Batch import test cases formatting

This section describes how to format a CSV file for importing batch test cases for your agent. The system reads this file to create a structured set of test cases, each containing one or more conversational turns.

A single test case can span multiple rows in the CSV file. The first row of a test case defines its overall properties (like its name and language). Each subsequent row for that test case defines a single back-and-forth turn in the conversation (user says something, agent is expected to reply).

The CSV file must have a header row as the very first line. This header defines the data in each column.

Required headers

The two required headers must be in the order shown. Both are required for the first row of a new test case. You can start a new test case by providing new DisplayName and LanguageCode values.

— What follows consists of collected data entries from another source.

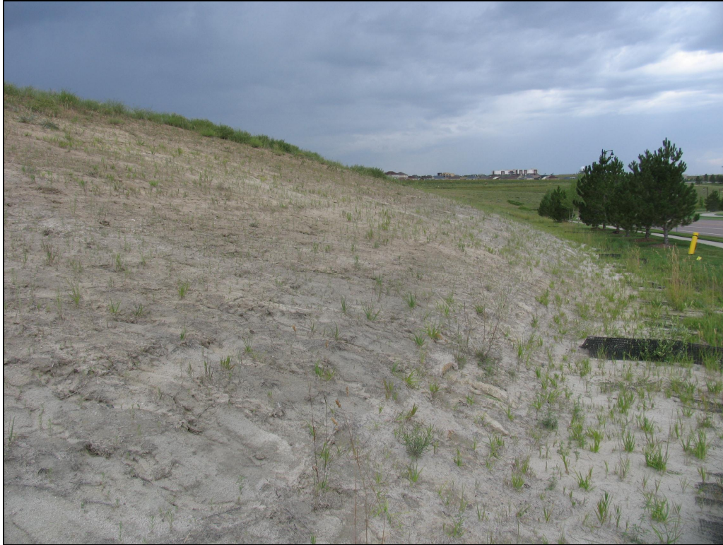
Figure 3.1 Vegetation has not successfully established in this area of exposed subsoil. Salvage and reapplication of topsoil would have improved seeding results.
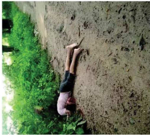
Figure C8. A 74-year-old retiree beheaded by the PDF
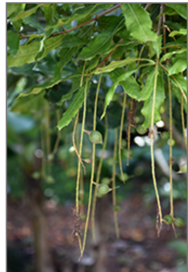
Beaumont Macadamia Nut fruit
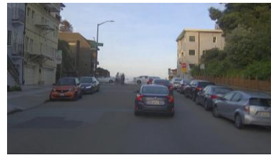
Novel View Rendering

  • DisplayName: The name of your test case. This is only filled in for the first row of a new test case.
  • LanguageCode: The language code for the test (for example, en, en-US, es).

Optional headers

You can include any of the following optional headers to provide more detail for your test cases. They can be in any order after the first two required columns.

Test case metadata

  • Tags: Space-separated tags for organizing tests (for example, "payments onboarding").
  • Notes: Free-text notes or a description of the test case purpose.
  • TestCaseConfigV2.StartResource: Specify the flow or playbook to start the test with.

User input

  • UserInput.Input.Text: The text the user "types" for a given turn.
  • UserInput.InjectedParameters: Parameters to inject into the conversation at the start of a turn, formatted as a JSON string.

Agent output

  • AgentOutput.QueryResult.ResponseMessages.Text: The exact text you assert the agent replied with.
  • AgentOutput.QueryResult.Parameters: The parameters you assert were extracted by the agent, formatted as a JSON string.

Expectations

  • OrderedExpectations.ExpectedFlow: The flow you expect to be active after the turn.
  • OrderedExpectations.ExpectedIntent: The intent you expect to be matched for the turn.
  • OrderedExpectations.ExpectedAgentReply: The text you expect the agent to reply with. Can be a substring of the full reply.
  • OrderedExpectations.ExpectedOutputParameter: The parameters you expect to be set at the end of the turn, formatted as a JSON string.

Audio metadata

  • AudioTurnMetadata Metadata for audio-based tests, formatted as a JSON string.

Build a test case

Test cases are organized by data rows.

  1. To start a new test case, fill out its metadata row.
    • Rule: This row must have a value in the DisplayName column.
    • Action: Input values for DisplayName and LanguageCode. You can also add tags, notes, or a TestCaseConfigV2.StartResource in this row. Conversation-turn columns (like UserInput.Input.Text) should be left empty in this row. if using tags, separate each tag with a space. Example: tag1 tag2 tag3. If using TestCaseConfigV2.StartResource, prefix the resource name with start_flow: or start_playbook:. Example: start_flow:projects/p/locations/l/agents/a/flows/f.
  2. Add a conversational turn to the test case you just started by adding a new row immediately below it.
    • Rule: The DisplayName column must be empty. This tells the parser that it's a turn belonging to the previous test case.
    • Action: Fill in the columns that describe the user's action and the expected agent response for this turn, such as UserInput.Input.Text and OrderedExpectations.ExpectedAgentReply. For columns requiring JSON, you must provide a valid JSON object as a string. Example: {"param_name": "param_value", "number_param": 123}.